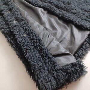 A whimsical hooded vest in a shimmering black shade. Made from a cozy cotton blend with a satin lining and no stretch. Fastens with snap buttons. Perfect for layering in fall, winter, spring, and cool summer evenings. Gently worn, great condition.
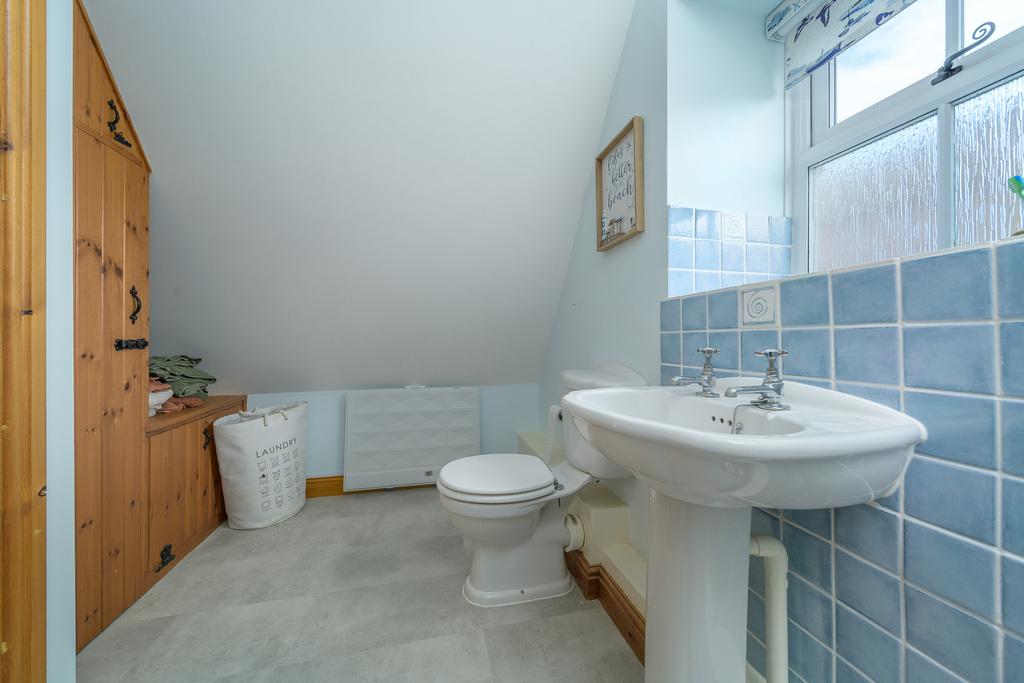 Opposite, the good-sized bathroom comprises a Heritage style close coupled toilet and hand wash basin, a white bath with Victorian style shower taps over, an electric heated towel rail and built-in storage cupboards. The room, with vaulted ceiling, is finished with seaside blue tiling which reflects the views captured by the property and completed with stylish vinyl flooring creating a crisp and fresh look.
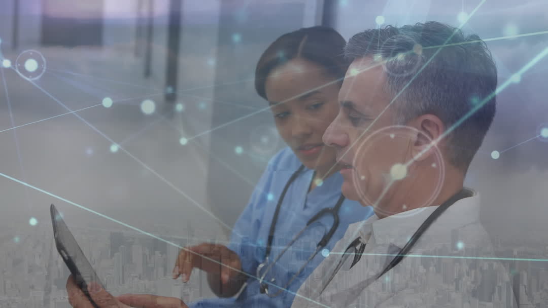 Two doctors of diverse backgrounds collaborating over a digital tablet, with an overlay of network connections symbolizing digital communication and global medicine concepts. Suitable for illustrating modern healthcare technology advancements, collaborative medicine, and diverse medical teams in various health industry materials.
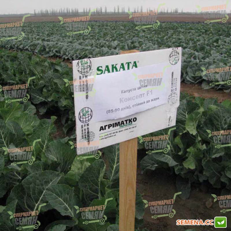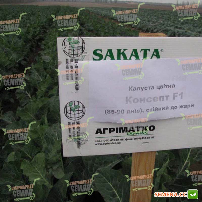 Характеристика плодів – Головка масою 1-2,5 кг, білосніжно-біла, куполоподібна, добре захищена щільним покривним листям (декілька шарів). Висока щільність суцвіть.
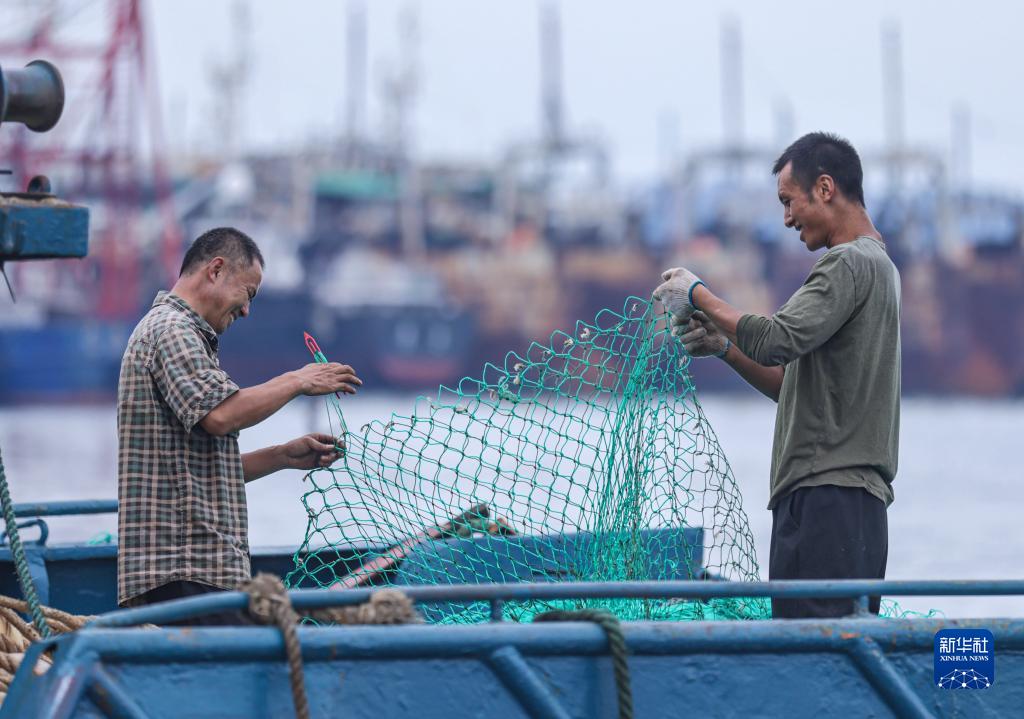 8月27日,在石島漁港碼頭,漁民整理漁網(wǎng),迎接開(kāi)海。
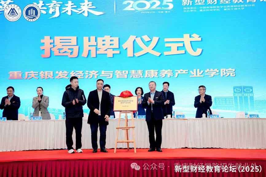 开幕式现场,重庆市养老服务协会郭恒良常务副秘书长,重庆财经学院吴华安校长,重庆宏善实业集团有限公司杨沛副总裁为“重庆银发经济与智慧康养产业学院”揭牌,标志着重庆财经学院在深化产教融合、推动新财经与新工科、新文科交叉融合方面迈出坚实步伐。
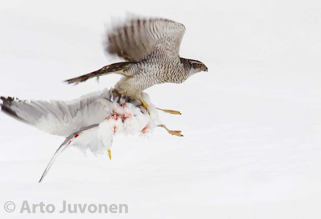 Kanahaukka saalina harmaalokki Goshawk with a Herring Gull Accipiter gentilis & larus argentatus Porvoo, Finland, 20.3.2010 Canon EOS 1D Mark IV, EF 500 mm F/4 L IS USM * 1.4 ext. |
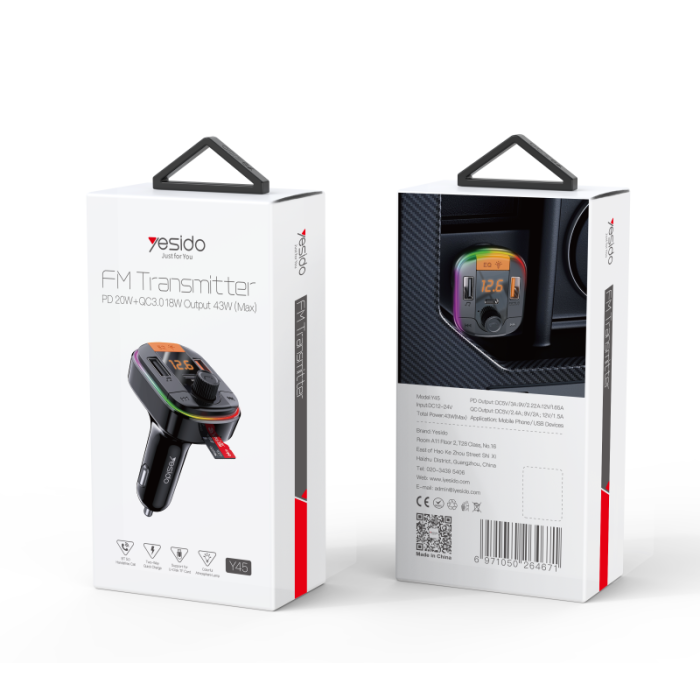 Experience seamless in-car charging and entertainment with the Yesido Y45 Bluetooth FM Transmitter Car Charger. Designed for modern drivers, this multifunctional car adapter combines fast charging with high-quality wireless audio transmission. Equipped with dual USB ports — one PD 20W and one USB 3.0 — it allows you to charge two devices simultaneously while maintaining maximum speed and safety. The built-in Bluetooth to FM converter lets you play music, answer calls, and even read U-disks or Micro SD cards effortlessly. Crafted from durable materials and featuring a bright LED indicator, the Y45 ensures convenience during both day and night drives. With smart chip protection, your devices stay safe from overcurrent, overheating, and short circuits.
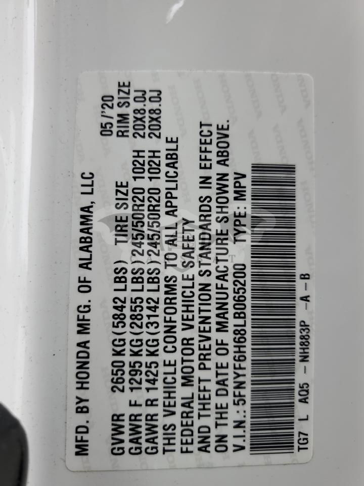 • VIN: 5FNYF6H68LB065200
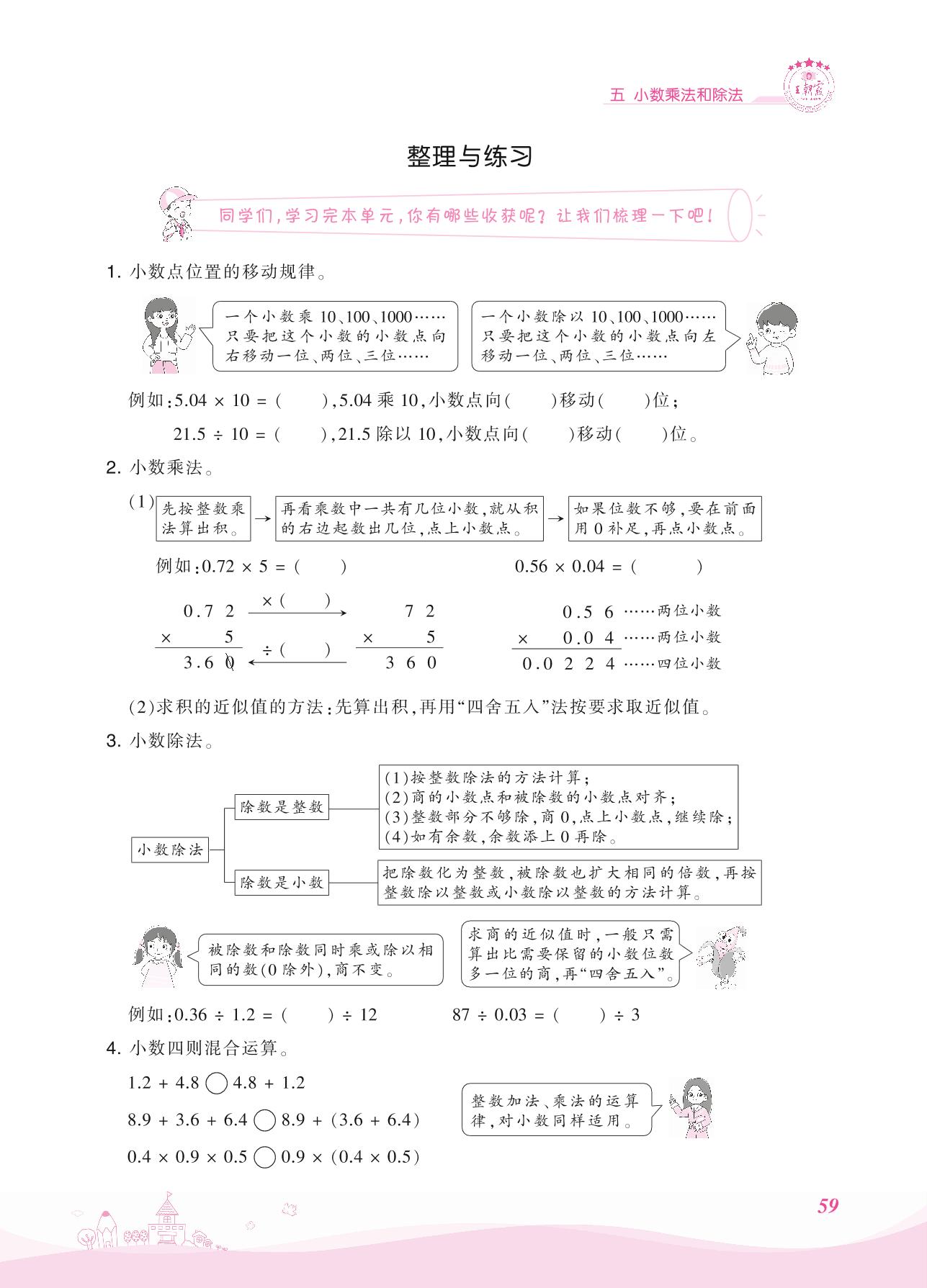 2021上册五年级数学苏教版 五 小数乘法和除法——整理与练习
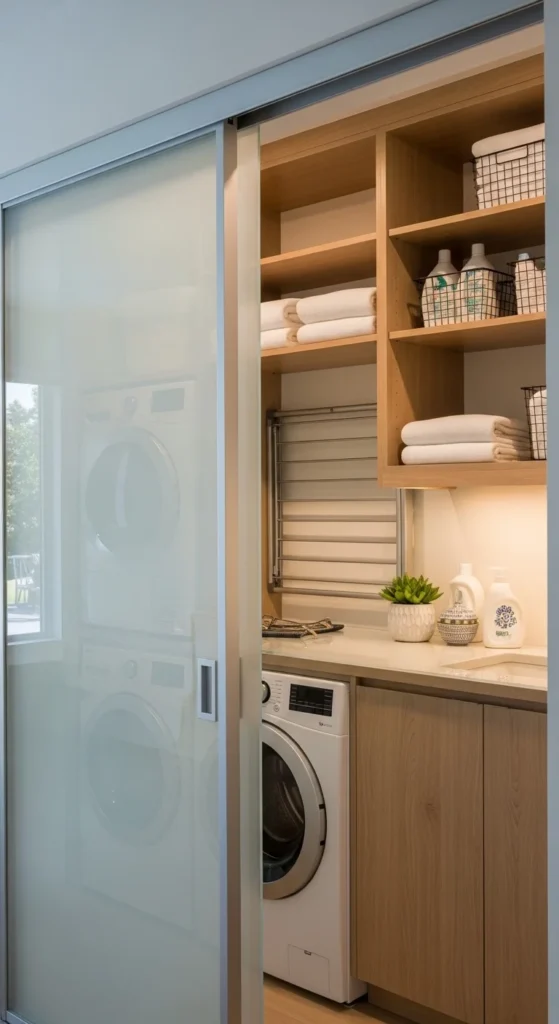Pocket or sliding doors keep the layout sleek by eliminating the swing space of traditional doors. This is especially helpful in narrow hallways or compact laundry closets. Frosted glass panels add a modern touch while allowing light to pass through. When closed, the doors create a smooth surface that blends into the wall. Barn-style sliding doors on a simple metal track can offer a similar effect without major wall changes. This design detail keeps the room accessible while maintaining a streamlined appearance.
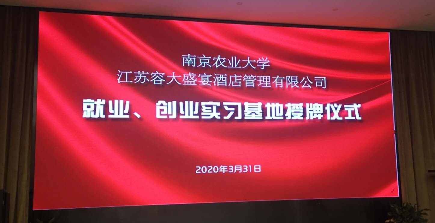 与校友企业江苏容大盛宴酒店管理有限公司在江苏容大盛宴酒店举行就业创业实习基地授牌仪式,签订就业创业实习基地协议。出席本次授牌仪式的有猫都论坛
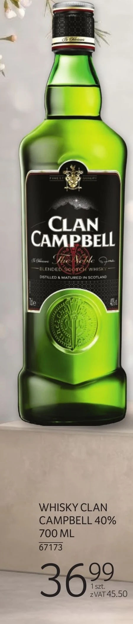 Whisky Clan Campbell o pojemności 700 ml jest dostępna w Selgros Cash&Carry w cenie 36,99 zł. Trunek o mocy 40% to propozycja dla osób ceniących klasyczny smak whisky. Doskonale sprawdzi się zarówno podczas spotkań z przyjaciółmi, jak i jako element wieczornego relaksu. Warto skorzystać z tej oferty i spróbować tego wyjątkowego trunku.
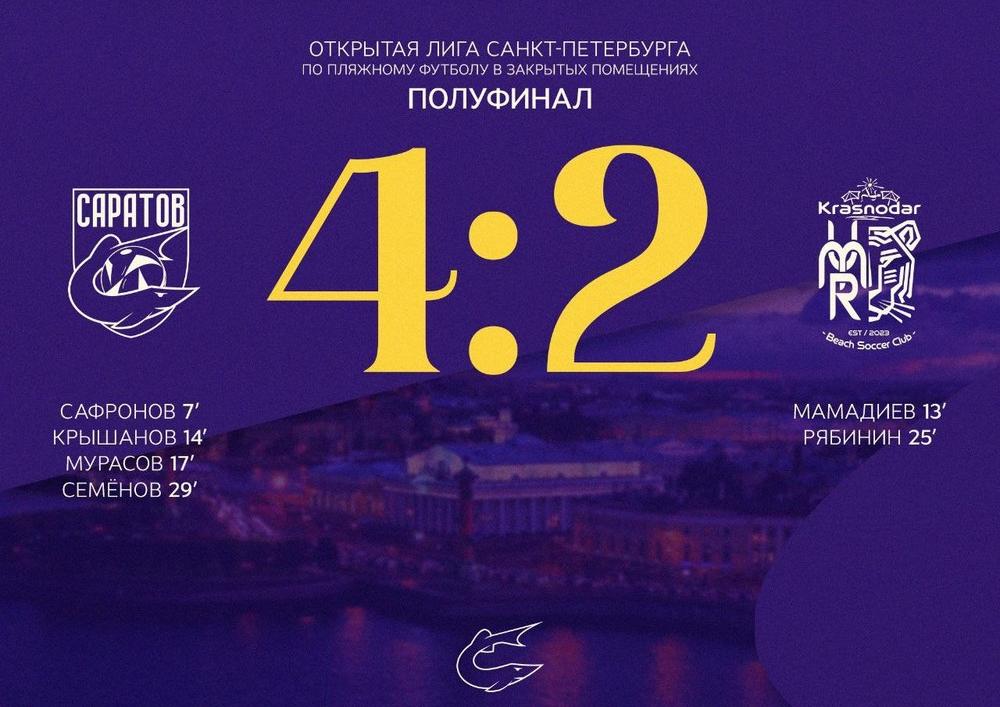 КПФ "Саратов" вышел в финал Открытого кубка Санкт-Петербурга по пляжному футболу в закрытых помещениях.
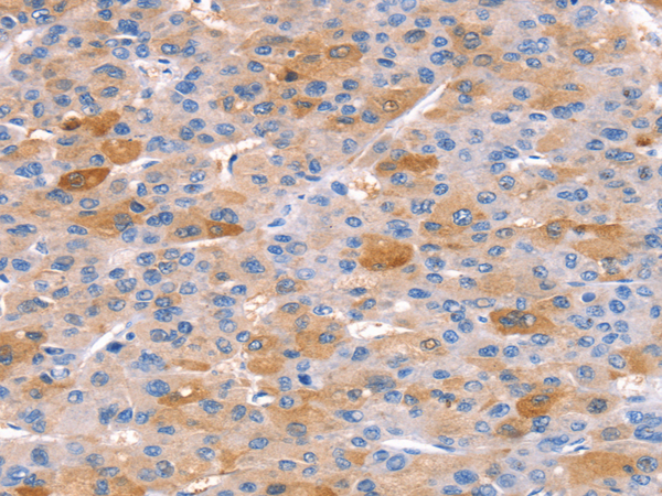 The image is immunohistochemistry of paraffin-embedded Human liver cancer tissue using P04107(ABCC1 Antibody) at dilution 1/25. (Original magnification: ×200) |

_ _ _

§ Work to complete
Pictures are to be omitted. Print exactly the lines from the line containing "Whisky Clan Campbell" through the final line of the material above, both included.

§ Task output
 Whisky Clan Campbell o pojemności 700 ml jest dostępna w Selgros Cash&Carry w cenie 36,99 zł. Trunek o mocy 40% to propozycja dla osób ceniących klasyczny smak whisky. Doskonale sprawdzi się zarówno podczas spotkań z przyjaciółmi, jak i jako element wieczornego relaksu. Warto skorzystać z tej oferty i spróbować tego wyjątkowego trunku.
 КПФ "Саратов" вышел в финал Открытого кубка Санкт-Петербурга по пляжному футболу в закрытых помещениях.
 The image is immunohistochemistry of paraffin-embedded Human liver cancer tissue using P04107(ABCC1 Antibody) at dilution 1/25. (Original magnification: ×200) |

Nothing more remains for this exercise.